The Master's Mind

The Master’s Mind

T. G. Wilkie

The title of this meditation is suggested in the second chapter of Philippians. A careful perusal of the whole epistle discloses the sad lack of unity among the saints. It is true that while no outbreak of dissension was evident, perfect harmony did not exist. There appears to have been a difference between two sisters in the assembly (Ch. 4:2). This estrangement threatened to engender strife, and to mar the unity of the church. The apostle Paul without mentioning the discord makes a stirring appeal for unity (2:2-3). He exhorts the saints to esteem others better than themselves, and to exercise that lowliness of mind which expresses itself in true consideration of fellow Christians.

The manner of Paul’s appeal is a true indication that he possessed the lowly mind of the Master. Instead of exerting his apostolic authority to command, he entreats them to fulfil his joy by walking in humility.

The Pattern Of Lowliness

He then proceeds to present Christ, in verses five to eleven, as the pattern of lowliness.

This is one of the most magnificent passages of the New Testament; it is a comprehensive statement relative to the person of Christ. Here the humiliation of the Son of God is taught the saints as an incentive to their being truly humble. Believers are exhorted, “Let this mind be in you, which was also in Christ Jesus” (2:5).

Christ in order to seek and save the lost veiled His divine glory in perfect humanity. The infinite stoop of our Lord in taking “not the nature of angels, but the seed of Abraham” (Heb. 2:16), incites adoring wonder, and with the apostle, in reverence, we exclaim, “O the depth of the riches both of the wisdom and knowledge of God” (Rom. 11:33).

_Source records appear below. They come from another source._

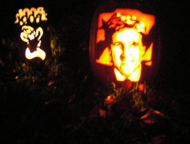 This pumpkin was a HOOT! We live in an area that is almost entirely Republican and the comments were hilarious! Honestly, if I had had the time I would have carved Bush as well, but . . . Anyhow, my neighbours and all those who visited were quite complimentary on the pumpkin, just not the image portrayed. Heh :) I love controversy!
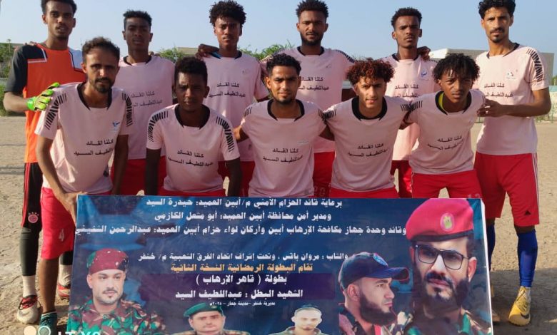برعاية القائد العميد حيدرة السيد قائد الحزام الامني أبين و العميد أبو مشعل الكازمي مدير آمن أبين والداعم الرئيسي للبطولة العميد عبدالرحمن الشنيني قائد اركان الحزام الامني ورئيس جهاز مكافحة الارهاب بمحافظة أبين و القائد أحمد العسيري قائد مكافحة المخدراة ، والشاب مروان باقس مدير عام صندوق النظافة أبين ، وإشراف إتحاد الفرق الشعبية بمديرية خنفر ، وبمشاركة 24 فريقيا” شعبيا” من مدينة جعار عاصمة مديرية خنفر قسمة إلى ثمان مجموعات يتأهل الأول والثاني من كل مجموعة.
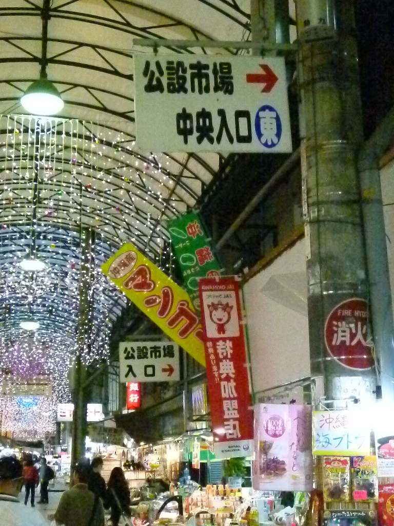 国際通り沿いにあるOPAから入ると「第一牧志公設市場」があります。1階が市場になっていて2階が飲食店です。建物が古く雑然としています。トイレは2階にあります。市民の台所として栄えた市場も、今では観光客向けの店舗が軒を連ねています。1階よりも2階の飲食店は結構にぎわっていますね。
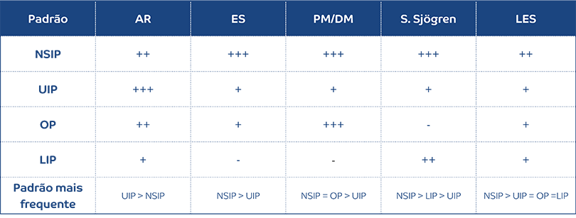 AR: artrite reumatoide; ES: esclerose sistémica; PM/DM: polimiosite/dermatomiosite; LES: lúpus eritematoso sistémico; NSIP: pneumonia intersticial não-específica; UIP: pneumonia intersticial usual; OP: pneumonia organizativa; LIP: pneumonia intersticial linfocítica. Adaptado de Ahuja J, et al. 2016.19

The Revised Version translates the sentence, “He made Himself of no reputation” (V. 7), thus, “He emptied Himself.” This does not mean that He divested Himself of His Divine Essence or attributes, for it is true of Him, “I am Jehovah, I change not”. This passage teaches that the Eternal Word (John 1:1) emptied Himself of only the outward and visible manifestations of Godhead (Scofield).

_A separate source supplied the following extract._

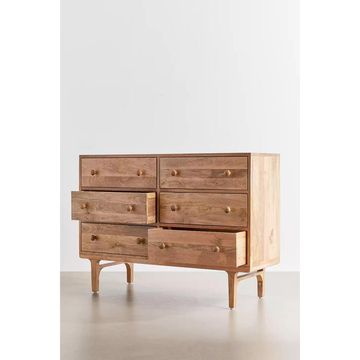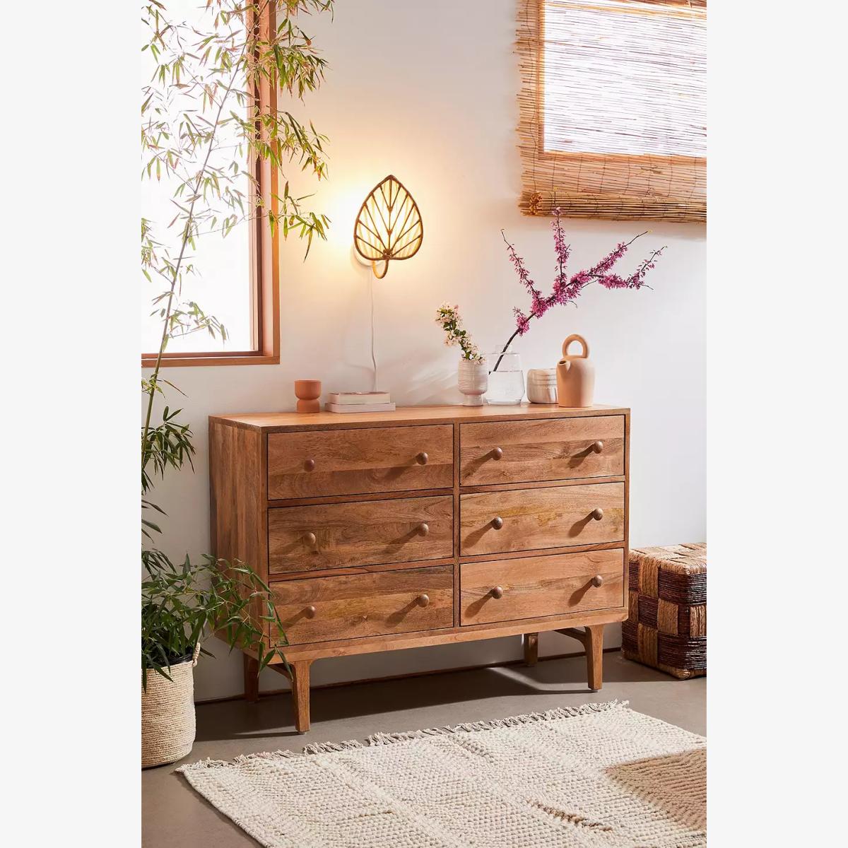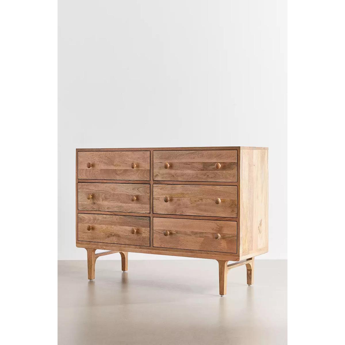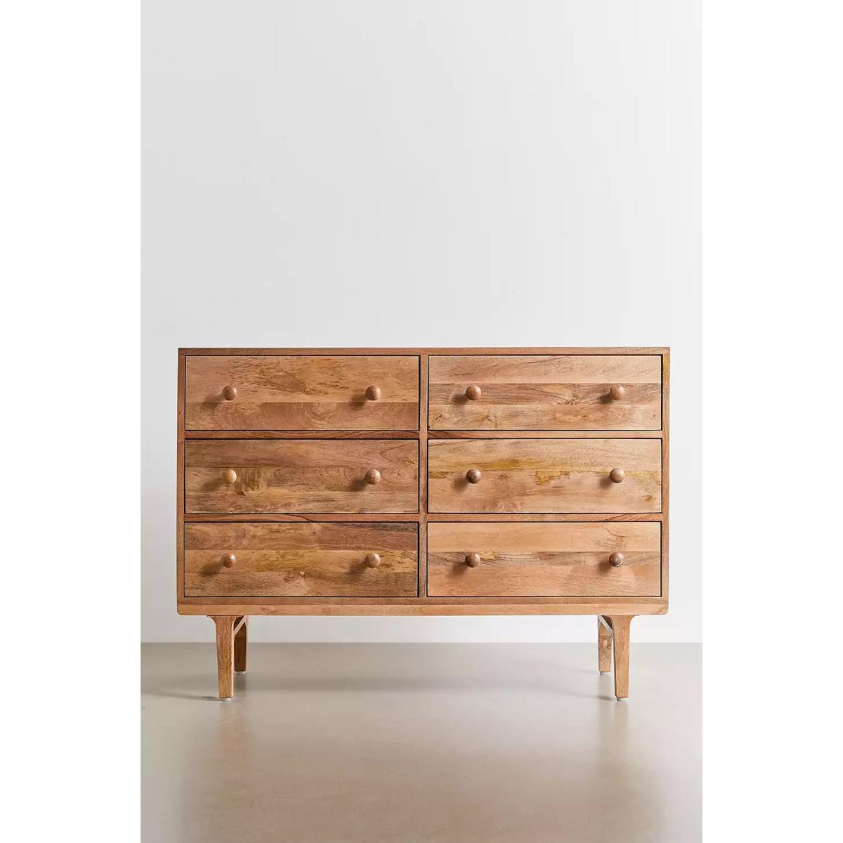 Add rustic minimalism to your space with this six-drawer dresser, part of the mango wood Wyatt collection. The sturdy dresser unit features six slide-out drawers with round drawer knobs, complete with a straight leg base and clearance space underneath. **Content + Care** \- Assembly required - instructions and hardware included. We recommend two people for assembly \- Mango wood, MDF \- Wipe clean \- Please note, this is a solid wood item that may naturally expand and contract with seasonal changes in humidity **Size** \- Dimensions: L: 135.9cm x W: 45.7cm x H: 96.5cm \- Drawer dimensions: L: 58.4cm x W: 38.1cm x H: 17.8cm \- Leg height: 25.4cm, removable \- Clearance: H: 22.6cm

“He took upon Himself a bondman’s form” (V. 7. J.N.D.), for Christ was willing to renounce His outward glory in the form of God to reveal Himself to man in the form of a slave, and to rescue humanity from the bondage of sin. Moreover, He became in the likeness of men. In the stoop of humiliation, without ceasing to be what He always had been, He became what He never had been before. The Word, the Eternal Son, was made flesh. He Who created all things was seen in Judea in the guise of a peasant. He was meek and lowly in heart, Jehovah’s perfect servant. His life was marked by poverty, weariness, human dependence, and subjection.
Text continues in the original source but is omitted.